Читать книгу «Придворная словесность: институт литературы и конструкции абсолютизма в России середины XVIII века» онлайн полностью📖 — Кирилла Осповата — MyBook.
cover

Фактически судьбами и направлением науки, искусства, литературы в 30‐е и 40‐е годы заправляли немногочисленные, как бы специально выделенные для этого вельможи, придворные правительственные дельцы. Их трудно назвать меценатами, поскольку они были лишь орудиями «меценатской» деятельности центральной власти, чиновниками по делам культуры. Но они составляли ядро читательской группы по отношению к литературе; это были «ценители», определявшие своим одобрением или неодобрением направление литературы. Они «поощряли» писателей и ученых, они покровительствовали им в жизни и в карьере, предпринимали издания их сочинений и присылали им на дом корзины с яствами, беседовали с поэтами о стихосложении, требовали от них од и речей, разбирали их ссоры и тяжбы между собой, устраивали для них «высочайшие милости», журили их, если находили это нужным <…> Типичны в ряду других и наиболее значительны по своему влиянию были: князь Никита Юрьевич Трубецкой и Иван Иванович Шувалов. <…>

Круг распространения дворянской литературы 30‐х – 40‐х и даже 50‐х годов был очень незначителен. Кроме вельможной группы, командовавшей литературой, ею интересовалась придворная молодежь, «высший свет» <…> «Публики» как некоего неопределенного, неограниченного психологического фона применения идеологического воздействия литературы в сущности не существовало; потребители литературы были наперечет известны в лицо и по именам, и произведение распространялось в списках с неменьшей легкостью, чем в печатных оттисках. <…> Стимулируя создание придворно-правительственной культуры, вельможи, люди «высшего света», не работали сами ни в искусстве, ни в науке, по крайней мере не работали профессионально. Они, т. е. власть, заказывали культуру специалистам-мастерам этого дела, которых они готовы были обучать за счет казны, так же, как заказывали мастеру мебель и ковры для зал императорского дворца. Они нанимали для писания стихов и прозы, для работ в лабораториях, для университетских лекций мастеров слова и мысли, не принадлежавших к высшему придворному кругу, но готовых служить ему, намерениям и интересам его и всех, его поддерживающих. В науке работали по большей части наемные иностранцы; в литературе – наемные писатели, большей частью «природные» россияне. <…>

Сферой приложения силы искусства и мысли был в первую очередь дворец, игравший роль и политического, и культурного центра, и вельможно-дворянского клуба, и храма монархии, и театра, на котором разыгрывалось великолепное зрелище, смысл которого заключался в показе мощи, величия, неземного характера земной власти. При дворце в порядке вспомогательных учреждений или филиалов существовали и Академия наук и вельможные салоны. В сложном ритуале дворцовой жизни, в котором всякому участнику, начиная с монарха и кончая пажом, была предписана определенная роль, искусство занимало большое место. Торжественная ода, похвальная речь («слово») и были наиболее заметными видами официального литературного творчества; они жили не столько в книге, сколько в церемониале официального торжества. За ними шли салонные песни и необходимый во всяком придворном быту театр – училище манер и слога, пропагандист придворной эстетики и идеологии (Гуковский 1936, 9–13).

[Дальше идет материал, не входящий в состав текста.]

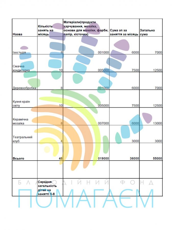 Всі заняття безкоштовні для дітей. Але для роботи потрібні фарби, папір, деревина, металева фурнітура, керамічна плитка, скляні камінці, продукти харчування тощо. І звісно, необхідно оплачувати працю керівникам студій. Наразі гуртки обходяться Центру в 55 000 грн на місяць. Для їх фінансування ми щомісяця шукаємо донорів.

В управлявшейся Шумахером Академии наук место словесных наук было сперва весьма скромным, но оно разрасталось по мере формирования после бурных и воинственных петровских лет новой придворной культуры. Появление русской «Аргениды» в переводе Тредиаковского хорошо иллюстрирует этот процесс: книга была издана при Академии, где служил переводчик, по личному распоряжению ее президента К. Г. Разумовского, принадлежавшего к ближайшему окружению императрицы Елизаветы и действовавшего от ее имени. В черновом посвящении «Аргениды» Елизавете (не допущенном в печать Ломоносовым и С. П. Крашенинниковым за «излишнее ласкательство») Тредиаковский развернуто описывал союз между литературой и монархией:

На книгу прещедрое Монаршеское токмо воззрение имеет быть достовернейшим знаком высочайшаго ей удостоения. Как скоро пресветлыя очи Вашего Величества обратятся на приносимую сию <…> тако тотчас разойдутся во все концы пространнейшаго Вашего обладания прекраснейшие Музы сея ж книги. <…> Их доброгласное пение увеселит старость, удивит, возбуждая к непоползновенной должности, людей средовечных, и просветит, наставит, купно и усладит удопонятную юность: от всякаго притом чина и состояния, от всякаго пола и возраста будет оно с радостию услышано и произведет всюду вожделенный плод, насаждая в сердца нежную и красную добродетель, а искореняя злосердую и грубую мысль. Все ж толь непренебрегаемое сие приобретение воспишется от всеобщаго благодарения премудрому Вашего Императорскаго Величества и благоуспешному о людях своих, за умножаемое просвещение, рачению и промыслу (Пекарский 1870–1873, II, 149).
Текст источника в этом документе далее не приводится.